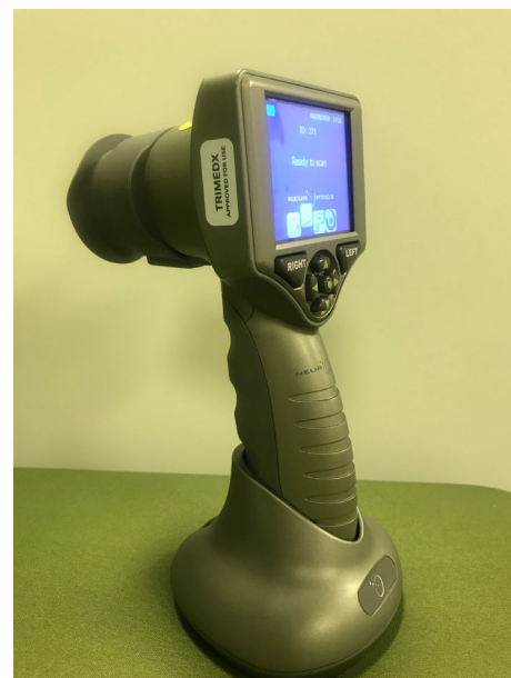
Fig. 1 The PLR-3000™ pupillometer (Neuroptics, Inc., Laguna Hills, CA, USA).

Articles for this review were identified from a search of PubMed and Google Scholar using the keywords of “pupillometry”, “pupillary reflex”, “pupillary response”,
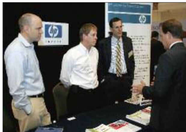
"We found the Show useful. Hold a space for us in 2010."

_ASSIGNMENT_. Find the line containing "Articles for this" in the listing above. Please restate word for word that line through the last one, leaving out the pictures.

_RESPONSE BELOW_.
Articles for this review were identified from a search of PubMed and Google Scholar using the keywords of “pupillometry”, “pupillary reflex”, “pupillary response”,
"We found the Show useful. Hold a space for us in 2010."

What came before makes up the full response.